Re: Light gathering cone?


In article <1169828484.613273.227470@xxxxxxxxxxxxxxxxxxxxxxxxxxxx>,
Boxman <boxman@xxxxxxxxxxx> wrote:


On Jan 26, 9:07 am, "Boxman" <box...@xxxxxxxxxxx> wrote:
1) Does this device have a name?

2) Has anyone analyzed the problem? While there is no "magic angle",
it would seem that for a given ratio of exit size to entrance
size (i.e., gathering all of the light falling on a cirlce 2cm
across and concentrating it onto a detector 0.5cm across) there
is probably an "adequate angle".

Just a note on the angle you mention here. In the 2D section, the
angle over wich 100% of the light will be delivered to the target plane
can be found by taking the arcsin(target diameter/input diamter) which
in your example would be around 14.47 degrees. Rays greater than that
angle will be reflected back out.

Understood. But suppose the CPC is made of solid glass (yes, reflective
losses on the entrance surface, but let's say that some sort of glass
surface was inevitable anyway, so that doesn't represent an additional
loss). Now, all rays that exist inside it are at an angle less than the
critical angle. So I can make this the design acceptance angle without
losing anything.
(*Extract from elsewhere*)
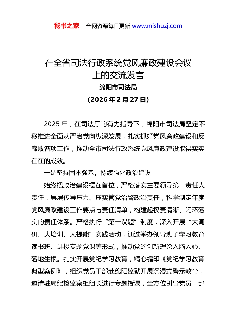 秘书之家—全网资源每日更新 www.mishuzj.com在全省司法行政系统党风廉政建设会议上的交流发言绵阳市司法局(2026 年 2 月 27 日)2025 年,在司法厅的有力指导下,绵阳市司法局坚定不移推进全面从严治党向纵深发展,扎实抓好党风廉政建设和反腐败各项工作,推动全市司法行政系统党风廉政建设取得实实在在的成效。一是坚持固本强基,持续强化政治建设始终把政治建设摆在首位,严格落实主要领导第一责任人责任,层层传导压力、压实管党治警政治责任,科学制定年度党风廉政建设工作要点与责任清单,构建起权责清晰、闭环落实的责任体系。严格执行“第一议题”制度,深入开展“大调研、大培训、大提能”实践活动,通过举办领导班子学习教育读书班、讲授专题党课等形式,推动党的创新理论入脑入心、落地生根。扎实开展党纪学习教育,精心编印《党纪学习教育典型案例》,组织党员干部赴绵阳监狱开展沉浸式警示教育,邀请驻局纪检监察组组长进行专题授课,全方位引导党员干部秘书之家—全网资源每日更新 www.mishuzj.com筑牢思想防线、严守纪法底线。二是坚持正风肃纪,推动党风廉政向好发展以严的基调强化正风肃纪,深入开展中央八项规定精神学习教育专项整治,修订完善请销假、差旅费管理等内部管理制度,全面排查廉政风险点并精准制定防控措施,扎紧制度笼子。扎实开展“廉政警示教育月”活动,创新打造“法治+廉政”特色文化品牌,以文化浸润涵养清风正气。强化日常监督管理,常态化开展纪律建设专项督查,规范召开领导干部述责述廉会议,以严格监督倒逼责任落实、作风转变。三是聚焦行业监管,全面提升法律服务质效紧扣市委“党建惠企”工作部署,主动担当作为,率先设立涉外法治工作科,成立市公证行业党委,全面推进收费标准、投诉电话等服务信息公开,以透明化管理提升服务公信力。聚焦重点领域强化监督制约,充分发挥行政复议监督职能,持续规范涉企行政执法行为,深入推进“亮码入企+综合查一次”改革试点,助力优化营商环境。畅通群众监督与服务渠道,精心开展新春法援赶百集、根治欠薪等便民利民活动,以优质高效的法律服务践行党风廉政建设成效。

According to this book...

http://www.powerfromthesun.net/Chapter9/Chapter9new.htm#9.2%20%20%20%20Compound%20Parabolic%20Concentrators%20(CPC)

....the concentration ratio is one over the sine of half the acceptance
angle, which is exactly the reverse of how I just calculated the acceptance
angle from the index of refraction, so the concentration ratio is the
same as the index of refraction. I won't be able to concentrate from a
2cm circle onto a 0.5cm detector, but I can get the light to be more
intense without sacrificing any of it. I believe that the book figures
the concentration ratio assuming a linear trough; if I have a round CPC I
think the cocnentration ratio should be the square of that.

In other words, if my detector was forced to be behind glass anyway,
and is not free to track the light source, then I think I could get a
geometric concentration ratio equal to the square of the index of the
glass without sacrificing any light that I would not have lost anyway.
Does my reasoning make sense?

I figure that in practice, the concentration ratio could be tightened
up further by assuming that any light hitting the glass at a shallow
angle is reflected so badly (even with an AR coating) that it can be
written off with no great loss; then the acceptance angle can be made
a little narrower.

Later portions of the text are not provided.